━━━━━ RECORDS SUPPLIED
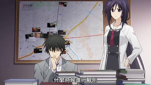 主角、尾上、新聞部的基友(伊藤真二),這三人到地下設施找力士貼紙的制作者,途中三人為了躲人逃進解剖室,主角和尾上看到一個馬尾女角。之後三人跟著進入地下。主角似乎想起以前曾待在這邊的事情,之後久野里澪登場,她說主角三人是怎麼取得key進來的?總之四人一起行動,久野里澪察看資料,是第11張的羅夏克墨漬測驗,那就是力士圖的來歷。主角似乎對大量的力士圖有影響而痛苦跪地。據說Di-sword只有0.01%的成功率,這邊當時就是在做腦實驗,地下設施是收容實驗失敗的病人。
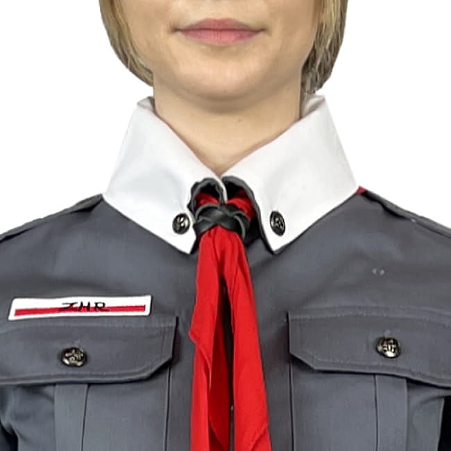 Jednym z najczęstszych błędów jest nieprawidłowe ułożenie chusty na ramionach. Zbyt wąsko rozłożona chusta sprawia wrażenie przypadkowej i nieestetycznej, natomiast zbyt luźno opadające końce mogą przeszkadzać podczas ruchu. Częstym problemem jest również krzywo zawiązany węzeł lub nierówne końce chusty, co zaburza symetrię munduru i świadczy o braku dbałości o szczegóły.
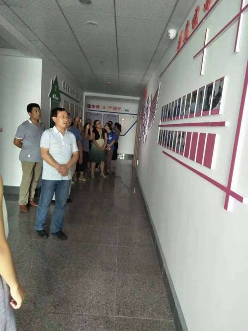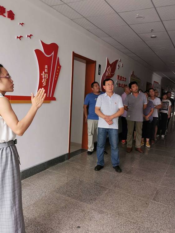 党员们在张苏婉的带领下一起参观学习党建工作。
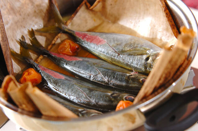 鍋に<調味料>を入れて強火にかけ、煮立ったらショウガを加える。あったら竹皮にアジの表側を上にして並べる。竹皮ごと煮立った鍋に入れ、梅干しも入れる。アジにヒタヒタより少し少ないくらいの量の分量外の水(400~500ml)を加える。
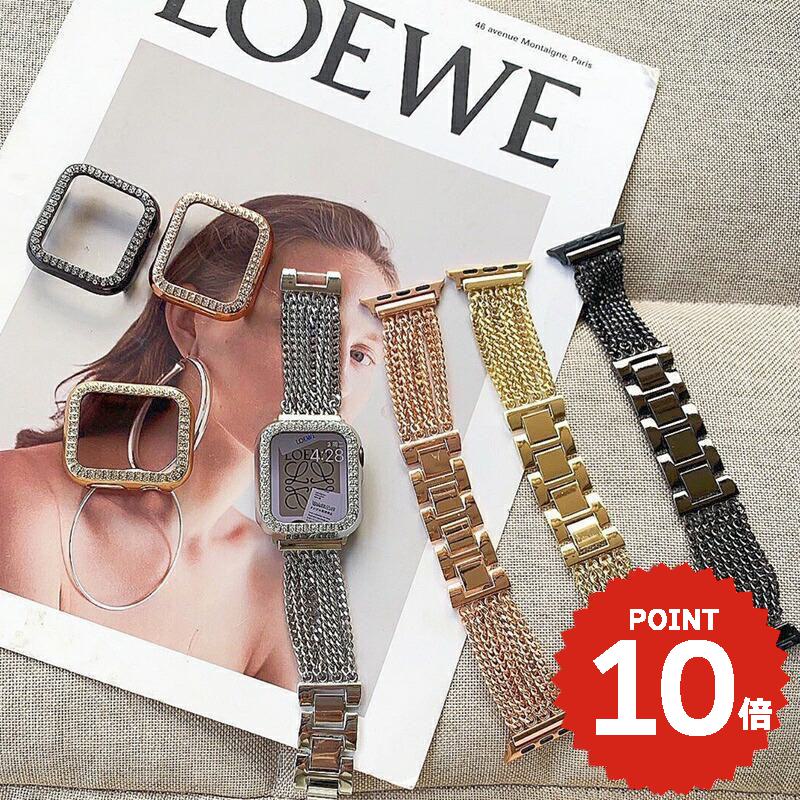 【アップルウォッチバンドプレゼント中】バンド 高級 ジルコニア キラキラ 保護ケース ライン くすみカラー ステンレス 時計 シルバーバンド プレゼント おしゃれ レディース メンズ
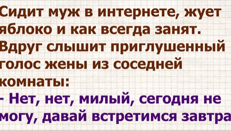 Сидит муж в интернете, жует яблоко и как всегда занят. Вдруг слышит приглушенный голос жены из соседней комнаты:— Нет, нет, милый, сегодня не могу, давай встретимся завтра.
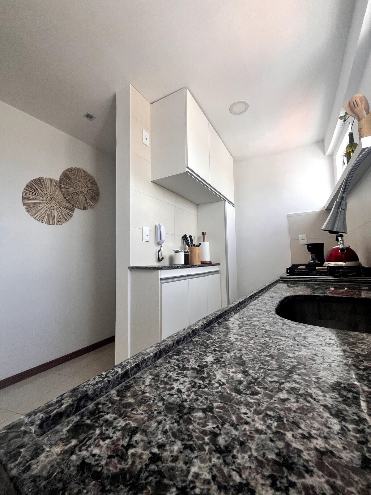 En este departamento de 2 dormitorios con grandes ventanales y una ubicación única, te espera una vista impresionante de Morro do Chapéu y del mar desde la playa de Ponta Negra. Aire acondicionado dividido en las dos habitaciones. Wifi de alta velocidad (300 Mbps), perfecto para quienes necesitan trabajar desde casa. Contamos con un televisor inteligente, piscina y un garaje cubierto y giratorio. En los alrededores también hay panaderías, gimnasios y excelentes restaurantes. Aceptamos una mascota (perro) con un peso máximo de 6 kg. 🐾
━━━━━━━━━━
WORK REQUIRED - Begin with the line that has "Jednym z najczęstszych" and continue to the last line of the entries, printing each line exactly and nothing else; include both ends and skip the pictures.

PROBLEM SOLUTION -
 Jednym z najczęstszych błędów jest nieprawidłowe ułożenie chusty na ramionach. Zbyt wąsko rozłożona chusta sprawia wrażenie przypadkowej i nieestetycznej, natomiast zbyt luźno opadające końce mogą przeszkadzać podczas ruchu. Częstym problemem jest również krzywo zawiązany węzeł lub nierówne końce chusty, co zaburza symetrię munduru i świadczy o braku dbałości o szczegóły.
 党员们在张苏婉的带领下一起参观学习党建工作。
 鍋に<調味料>を入れて強火にかけ、煮立ったらショウガを加える。あったら竹皮にアジの表側を上にして並べる。竹皮ごと煮立った鍋に入れ、梅干しも入れる。アジにヒタヒタより少し少ないくらいの量の分量外の水(400~500ml)を加える。
 【アップルウォッチバンドプレゼント中】バンド 高級 ジルコニア キラキラ 保護ケース ライン くすみカラー ステンレス 時計 シルバーバンド プレゼント おしゃれ レディース メンズ
 Сидит муж в интернете, жует яблоко и как всегда занят. Вдруг слышит приглушенный голос жены из соседней комнаты:— Нет, нет, милый, сегодня не могу, давай встретимся завтра.
 En este departamento de 2 dormitorios con grandes ventanales y una ubicación única, te espera una vista impresionante de Morro do Chapéu y del mar desde la playa de Ponta Negra. Aire acondicionado dividido en las dos habitaciones. Wifi de alta velocidad (300 Mbps), perfecto para quienes necesitan trabajar desde casa. Contamos con un televisor inteligente, piscina y un garaje cubierto y giratorio. En los alrededores también hay panaderías, gimnasios y excelentes restaurantes. Aceptamos una mascota (perro) con un peso máximo de 6 kg. 🐾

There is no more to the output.